Final answer:
Using Newton's universal law of gravitation and the provided gravitational force, astronaut's mass, and distance from the ISS, the mass of the ISS is calculated to be approximately 3.7 × 10^5 kg, rounded to two significant figures.
Step-by-step explanation:
To calculate the mass of the International Space Station (ISS), we can use Newton's universal law of gravitation. The formula is F = G (m1 * m2) / r^2, where F is the gravitational force, G is the gravitational constant (6.674 × 10^-11 N m²/kg²), m1 and m2 are the masses of the two objects, and r is the distance between the centers of mass of the two objects.

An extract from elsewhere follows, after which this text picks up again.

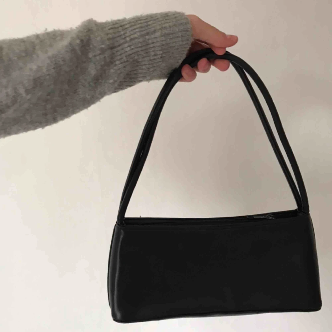 Trendig, supersnygg väska i läder från 90-talet! Jättefint skick och bra kvalité, stängs med dragkedja och har ett mindre fack inuti. Frakt inräknad i priset, kan mötas upp i Nyköping!

The question states that the gravitational force between the astronaut and the ISS is 4.64 × 10^-6 N, the mass of the astronaut is 112 kg, and the distance from the astronaut to the center of mass of the ISS is 26 m. We can rearrange the formula to solve for the mass of the ISS (m2): m2 = (F * r^2) / (G * m1).
Plugging in the values we have:
m2 = (4.64 × 10^-6 N * 26 m * 26 m) / (6.674 × 10^-11 N m²/kg² * 112 kg)
m2 ≈ 370,000 kg
Thus, the calculated mass of the ISS would be approximately 370,000 kg. As the mass should be reported with two significant figures, the answer is 3.7 × 10^5 kg.